#### WHAT THE EXERCISE ASKS:
Where the data below contains pictures, omit them; output the rest word for word.

#### SUPPLIED INFORMATION:
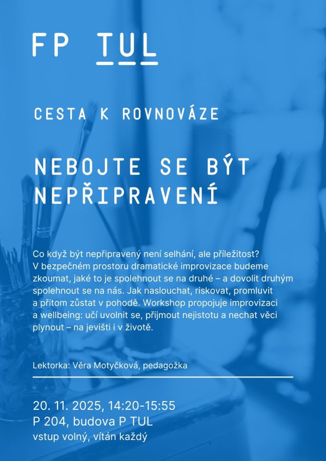 20. 11. 2025 od 14:20 v P204 si budete moct zaimprovizovat na workshopu Nebojte se být nepřipravení.
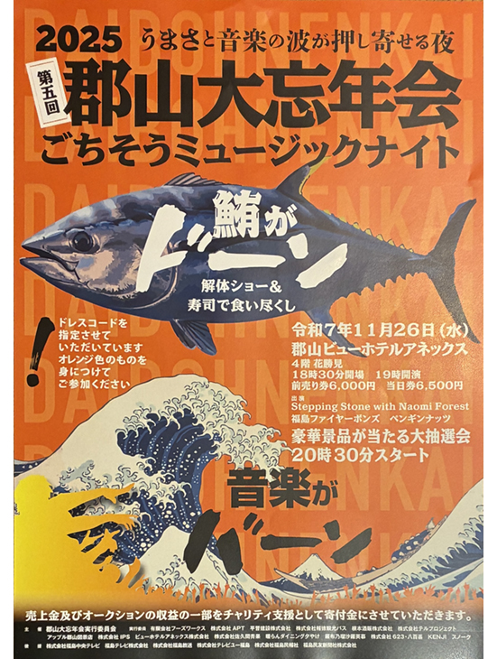 11月26日(水)「郡山ビューホテルアネックス」4階花勝見を会場に第五回「郡山大忘年会」が開催。飲食はフリーフード、フリードリンク。ミュージシャンの演奏や楽しいアトラクション、豪華景品が当たる大抽選会も用意。入場に関してはドレスコードを設定、今年はオレンジ色のアイテムを身に付けて来場を。受付にてドレスコード対応缶バッジも販売予定。開場/18時30分 開演/19時 前売り券6,000円(当日券6,500円※上限人数に達した場合は当日券の販売は無い)。
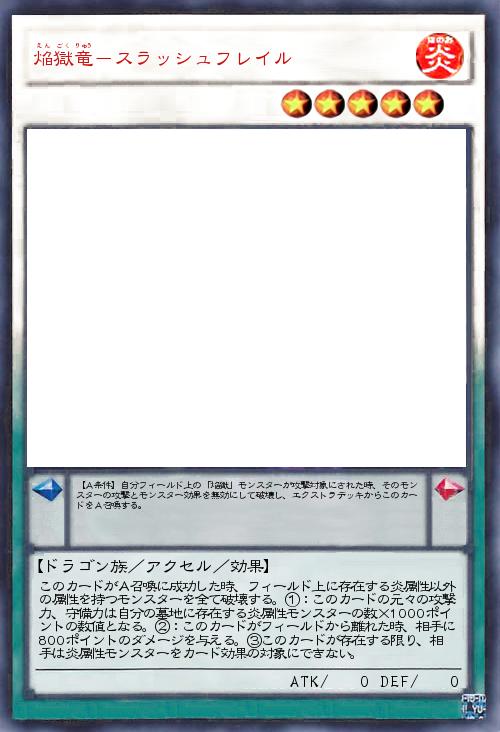 | 【A条件】自分フィールド上の「焔獄」モンスターが攻撃対象にされた時、そのモンスターの攻撃とモンスター効果を無効にして破壊し、エクストラデッキからこのカードをA召喚する。 | |||
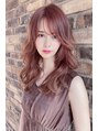 シースルー前髪にピンク系のフリンジウェーブセミロング♪藤沢

#### EXERCISE OUTPUT:
 20. 11. 2025 od 14:20 v P204 si budete moct zaimprovizovat na workshopu Nebojte se být nepřipravení.
 11月26日(水)「郡山ビューホテルアネックス」4階花勝見を会場に第五回「郡山大忘年会」が開催。飲食はフリーフード、フリードリンク。ミュージシャンの演奏や楽しいアトラクション、豪華景品が当たる大抽選会も用意。入場に関してはドレスコードを設定、今年はオレンジ色のアイテムを身に付けて来場を。受付にてドレスコード対応缶バッジも販売予定。開場/18時30分 開演/19時 前売り券6,000円(当日券6,500円※上限人数に達した場合は当日券の販売は無い)。
 | 【A条件】自分フィールド上の「焔獄」モンスターが攻撃対象にされた時、そのモンスターの攻撃とモンスター効果を無効にして破壊し、エクストラデッキからこのカードをA召喚する。 | |||
 シースルー前髪にピンク系のフリンジウェーブセミロング♪藤沢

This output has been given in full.